Content starts

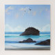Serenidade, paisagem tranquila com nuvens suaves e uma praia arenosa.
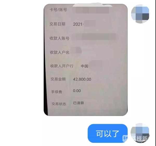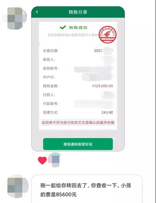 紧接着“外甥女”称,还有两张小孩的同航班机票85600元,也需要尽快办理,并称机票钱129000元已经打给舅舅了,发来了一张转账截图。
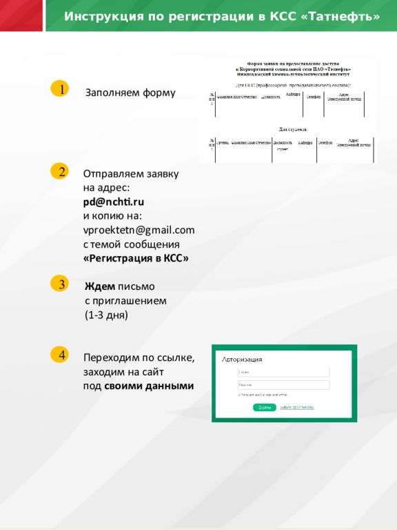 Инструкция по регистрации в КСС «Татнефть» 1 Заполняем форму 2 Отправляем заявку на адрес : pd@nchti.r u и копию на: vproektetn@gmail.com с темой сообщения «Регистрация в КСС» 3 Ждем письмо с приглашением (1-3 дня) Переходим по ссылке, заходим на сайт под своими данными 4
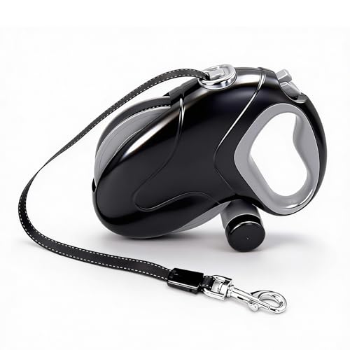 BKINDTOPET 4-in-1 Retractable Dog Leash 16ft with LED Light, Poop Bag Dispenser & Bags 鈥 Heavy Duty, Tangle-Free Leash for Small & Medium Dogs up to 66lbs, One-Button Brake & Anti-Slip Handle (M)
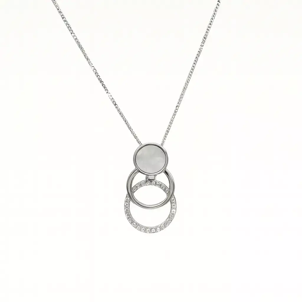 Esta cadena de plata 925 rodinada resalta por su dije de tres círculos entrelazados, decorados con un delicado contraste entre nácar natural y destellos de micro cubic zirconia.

Content ends

Return the entries above exactly and in full; do not include images.

Serenidade, paisagem tranquila com nuvens suaves e uma praia arenosa.
 紧接着“外甥女”称,还有两张小孩的同航班机票85600元,也需要尽快办理,并称机票钱129000元已经打给舅舅了,发来了一张转账截图。
 Инструкция по регистрации в КСС «Татнефть» 1 Заполняем форму 2 Отправляем заявку на адрес : pd@nchti.r u и копию на: vproektetn@gmail.com с темой сообщения «Регистрация в КСС» 3 Ждем письмо с приглашением (1-3 дня) Переходим по ссылке, заходим на сайт под своими данными 4
 BKINDTOPET 4-in-1 Retractable Dog Leash 16ft with LED Light, Poop Bag Dispenser & Bags 鈥 Heavy Duty, Tangle-Free Leash for Small & Medium Dogs up to 66lbs, One-Button Brake & Anti-Slip Handle (M)
 Esta cadena de plata 925 rodinada resalta por su dije de tres círculos entrelazados, decorados con un delicado contraste entre nácar natural y destellos de micro cubic zirconia.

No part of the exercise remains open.